Now, a cool follow up to this story would be an attempt to use the search results rank to evaluate research manuscript. Imagine listing all keywords for which your papers hit first 10 pages (100 results) of Google Scholar search. As an example – my own papers score 2,8,21 and 22 for “trimeric autotransporter adhesins”.

Arbitrary? Of course – like all other metrics. It’s not going to do wonders, but it has a nice feature – because Google’s algorithm doesn’t seem to care much about citations (my most cited paper has rank 21 for the phrase above, which I would say is quite accurate as the crystal structure had appeared since then and our work is obsolete), we avoid rich-get-richer effect. Other good features are that such measure is harder to gamble than others and it provides rather accurate context-specific description of one’s research area.

But seriously, the beauty of the idea lies elsewhere. If average scientists care about minimal differences between them (whether it’s an impact factor of a journal, or article-level metrics), let’s push the field of research assessment further towards absurdity. Let’s exhaust the field with such ideas, so enough people loose patience, implement whatever can be functional today, and move forward. How many years one can discuss the question “what’s wrong with [scholarly communication/research assessment/science funding] today?”.

To understand fully the reasoning of this post please note that it has been posted in Memetics notebook.

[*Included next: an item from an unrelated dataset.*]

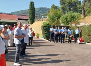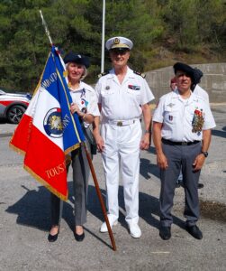 Pas de repit pour la commémoration de faits historiques dans notre région. Les cadets sont en vacance, et c’est donc Christel qui a fait flotter le drapeau des cadets de l’UNC06, au côté des 19 autres drapeaux venus pour commémorer cet malheureux anniversaire, de l’exécution de 23 résistants. Comme tous les ans, cette cérémonie est très émouvante, pas seulement à la lecture des faits, mais surtout à la lecture des 23 noms « morts pour la France », lus avant la remise des gerbes. De nombreuses personnes se sont mobilisees pour venir rendre hommage à ces héros, fusiliers lâchement par l’envahisseur nazi, en représailles au début du débarquement sur nos côtés de provence. Cette cérémonie revet une importance incontestable pour les nicois. La garde municipale de Nice, outre les sonneries traditionnelles d’une ceremonie, a joue le chant des partisants sur le lieu meme de leur execution. Le carré dédié au souvenir a accueilli, Monsieur le secrétaire général de la prefecture, Patrick Amoussou-adebke, Monsieur le Maîre de Nice, Christian Estrosi, Madame la déléguée aux associations patrioriques du département, Gaelle Frontoni, des élus de la ville de Nice, quelques presidents d’associations, dont Alain Valot pour l’UNC Nice, et les autorites militaires, avec la présence du colonel du groupement de gendarmerie des Alpes Maritimes, ainsi que du Colonel représentant le DMD, qui a félicité l’UNC pour son engagement avec les cadets. Il est à regretter, une fois de plus l’absence du DMD sur des cérémonie qui touchent le cœur des nicois, surtout au sein d’un département qui est un désert militaire.
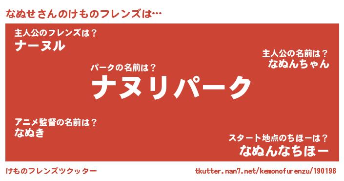 | 意味不明あだ名 | 『自称なぬせ』『つくし科なぬせ属』 |

This post summarizes my current focus in area of open science. Whether concepts presented here could make their way into practice, that’s still to be seen. So, consider this a work in progress. I’m happy to be proven wrong, change my opinion or get myself sold into other ideas.

On (open) science

Science (like almost everything else in the world) needs a major transformation, as it no longer serves its purpose in the most efficient manner. For that reason I was attracted to open science several years ago – openness is the mode of the future in science. However the adoption rate for open science turned out to be rather low. One thing is that scientists from some point of their careers are like CEOs – they believe they have the ability to make good decisions, and not amount of facts/data/reports/suggestions is going to make them change their mind (Thomas Kuhn had described that phenomenon more precisely, but I find this analogy a bit better suited for modern times). But there’s also another layer - organization of science is a cultural artifact, and we are all culturally conditioned to accept certain approaches to research. “It’s always been that way” is the reason why we don’t have a “fooling around” grant, to explore different areas without being bound by providing results, for scientists with proven track record. It’s the reason why principal investigator of a grant cannot be a team (such as Polymath Project; after all some teams of great-but-not-geniuses can outperform the ones led by a genius). It’s the reason we massively subscribe to beauty contests such as Nobel Prize (or any other ranking system). Cultural conditioning goes even further – we are conditioned to accept or reject certain scientific questions (for example, fishing expeditions such as metagenomics studies would have hard time to gain acceptance in this part of the world before they became hot in the West, as Central and Eastern European researchers usually start with the hypothesis, not data; on the other hand proposals for really complex studies are often turned down in the West). So, in practice only results of research (assertions) are trans-cultural (concept borrowed from Gregory Lent) – the rest is a cultural artifact.

On the OAI7 conference there was an open science breakout session. Among other things, we divided ourselves into groups and each group had to come up with a single action that was supposed to move openness in science forward. Not surprisingly, 3 out of 4 groups proposed some kind of incentive. Carrots are one way of changing this cultural construct. Another way is adjusting a stick in a form of a mandate or change the processes (such as publishing) in a such way that they require certain amount of openness. Interestingly, we don’t need to take care of sustaining cultural change – once certain mode is adopted, scientists will develop sustaining arguments and procedures by themselves.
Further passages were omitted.